What the task asks => Taking the line with "A good pencil" as the first and the line with "Estos ensayos reflexionan" as the last, set down the lines below exactly, pictures excluded.

Provided entries =>
************

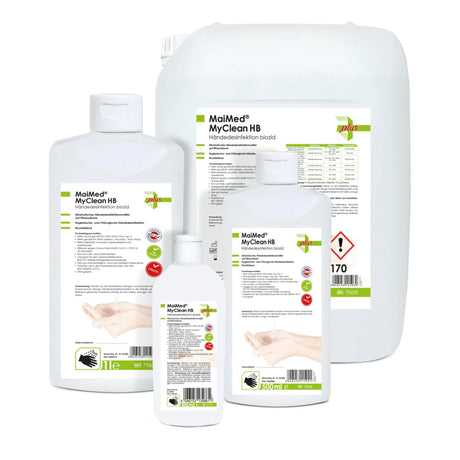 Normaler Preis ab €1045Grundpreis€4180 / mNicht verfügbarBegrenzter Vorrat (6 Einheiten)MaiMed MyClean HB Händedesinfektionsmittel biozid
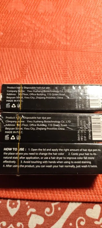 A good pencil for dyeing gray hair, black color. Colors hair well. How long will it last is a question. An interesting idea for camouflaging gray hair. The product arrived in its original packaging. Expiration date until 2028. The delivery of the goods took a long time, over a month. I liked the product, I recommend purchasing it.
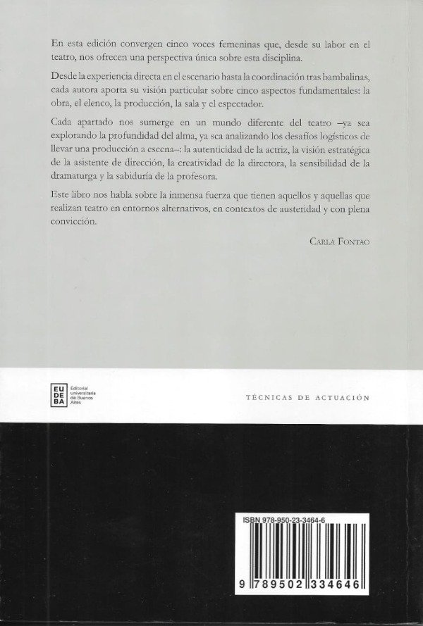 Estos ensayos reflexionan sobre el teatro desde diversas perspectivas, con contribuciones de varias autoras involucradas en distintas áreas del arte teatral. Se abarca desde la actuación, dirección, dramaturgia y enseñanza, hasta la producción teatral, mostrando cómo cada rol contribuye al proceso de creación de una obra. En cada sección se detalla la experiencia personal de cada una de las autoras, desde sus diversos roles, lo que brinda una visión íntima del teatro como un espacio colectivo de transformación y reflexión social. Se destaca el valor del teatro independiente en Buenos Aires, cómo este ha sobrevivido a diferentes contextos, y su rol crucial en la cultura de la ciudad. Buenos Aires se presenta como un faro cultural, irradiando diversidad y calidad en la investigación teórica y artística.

************

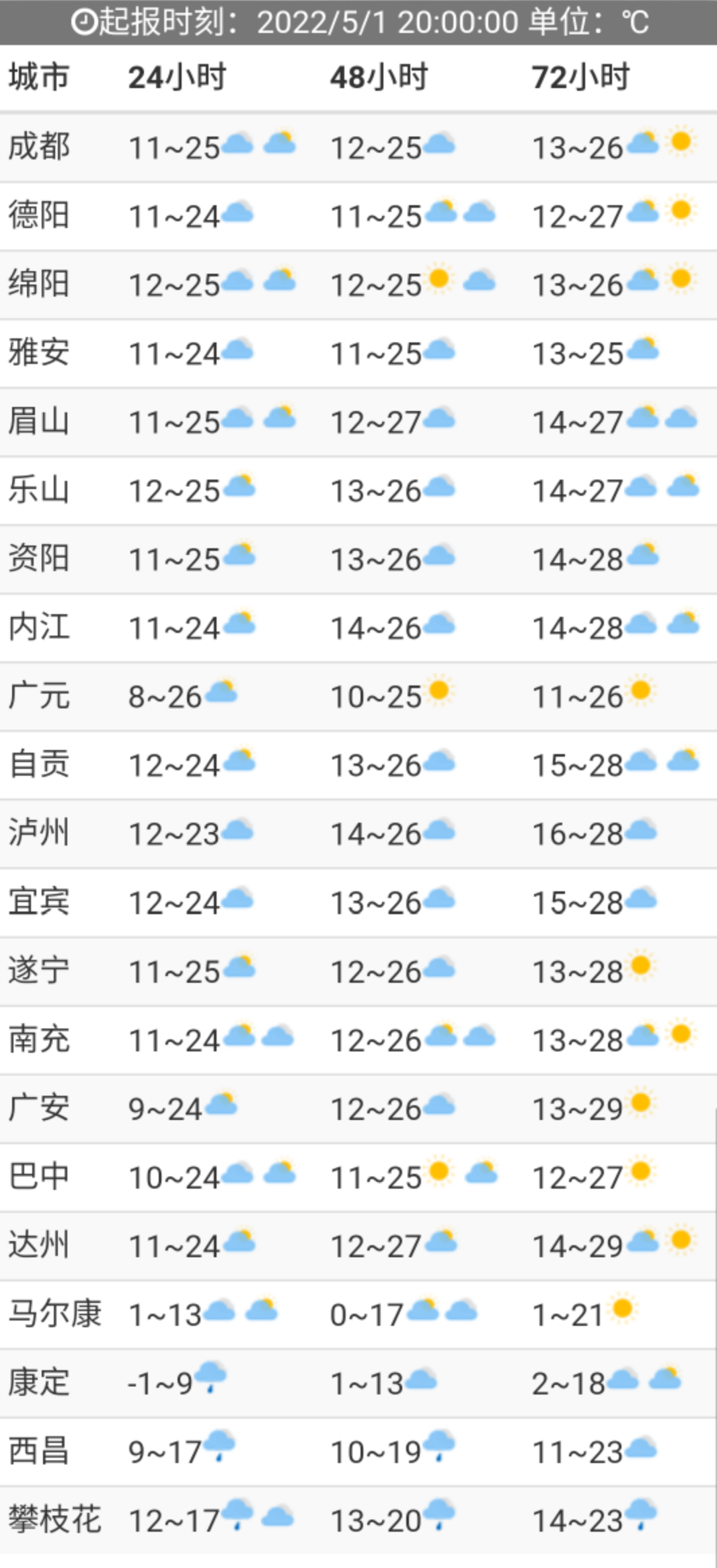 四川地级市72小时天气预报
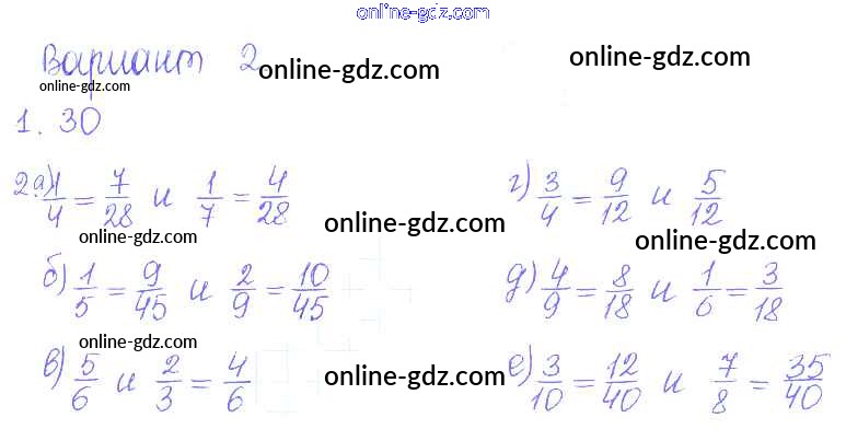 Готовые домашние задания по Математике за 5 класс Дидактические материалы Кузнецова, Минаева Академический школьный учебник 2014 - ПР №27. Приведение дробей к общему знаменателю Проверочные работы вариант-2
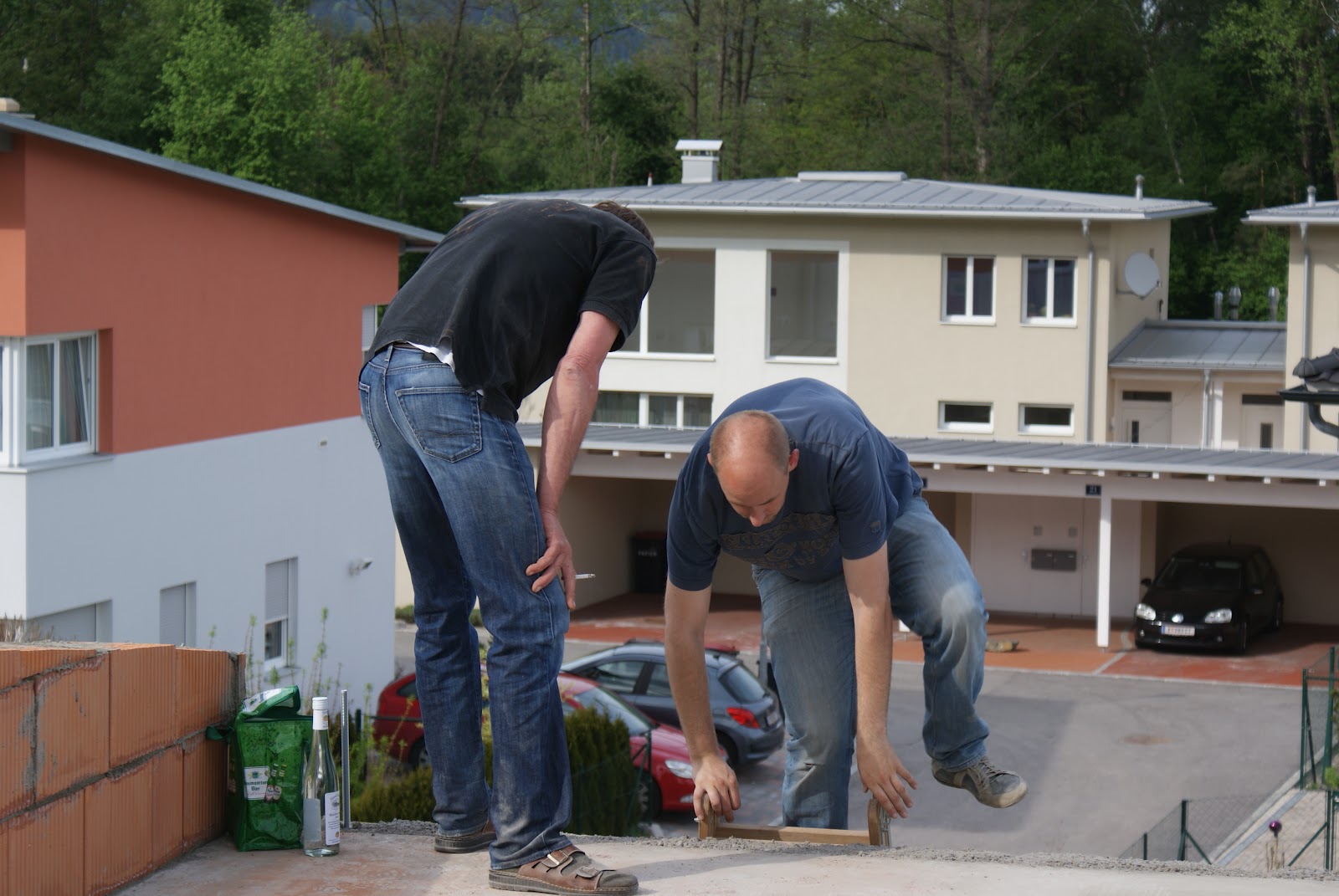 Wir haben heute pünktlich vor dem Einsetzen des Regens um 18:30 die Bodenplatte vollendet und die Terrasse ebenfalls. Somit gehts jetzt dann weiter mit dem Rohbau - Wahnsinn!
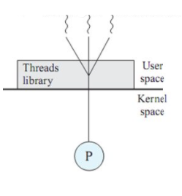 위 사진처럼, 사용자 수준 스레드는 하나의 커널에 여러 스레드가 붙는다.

************

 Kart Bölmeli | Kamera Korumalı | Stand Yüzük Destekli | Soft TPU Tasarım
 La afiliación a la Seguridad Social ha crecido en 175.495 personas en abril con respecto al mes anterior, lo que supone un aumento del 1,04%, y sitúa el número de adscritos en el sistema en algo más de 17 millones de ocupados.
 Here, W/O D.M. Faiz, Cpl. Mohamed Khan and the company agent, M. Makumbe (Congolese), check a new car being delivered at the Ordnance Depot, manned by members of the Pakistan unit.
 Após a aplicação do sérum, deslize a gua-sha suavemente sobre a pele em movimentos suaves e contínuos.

************

Solution to the exercise =>
 A good pencil for dyeing gray hair, black color. Colors hair well. How long will it last is a question. An interesting idea for camouflaging gray hair. The product arrived in its original packaging. Expiration date until 2028. The delivery of the goods took a long time, over a month. I liked the product, I recommend purchasing it.
 Estos ensayos reflexionan sobre el teatro desde diversas perspectivas, con contribuciones de varias autoras involucradas en distintas áreas del arte teatral. Se abarca desde la actuación, dirección, dramaturgia y enseñanza, hasta la producción teatral, mostrando cómo cada rol contribuye al proceso de creación de una obra. En cada sección se detalla la experiencia personal de cada una de las autoras, desde sus diversos roles, lo que brinda una visión íntima del teatro como un espacio colectivo de transformación y reflexión social. Se destaca el valor del teatro independiente en Buenos Aires, cómo este ha sobrevivido a diferentes contextos, y su rol crucial en la cultura de la ciudad. Buenos Aires se presenta como un faro cultural, irradiando diversidad y calidad en la investigación teórica y artística.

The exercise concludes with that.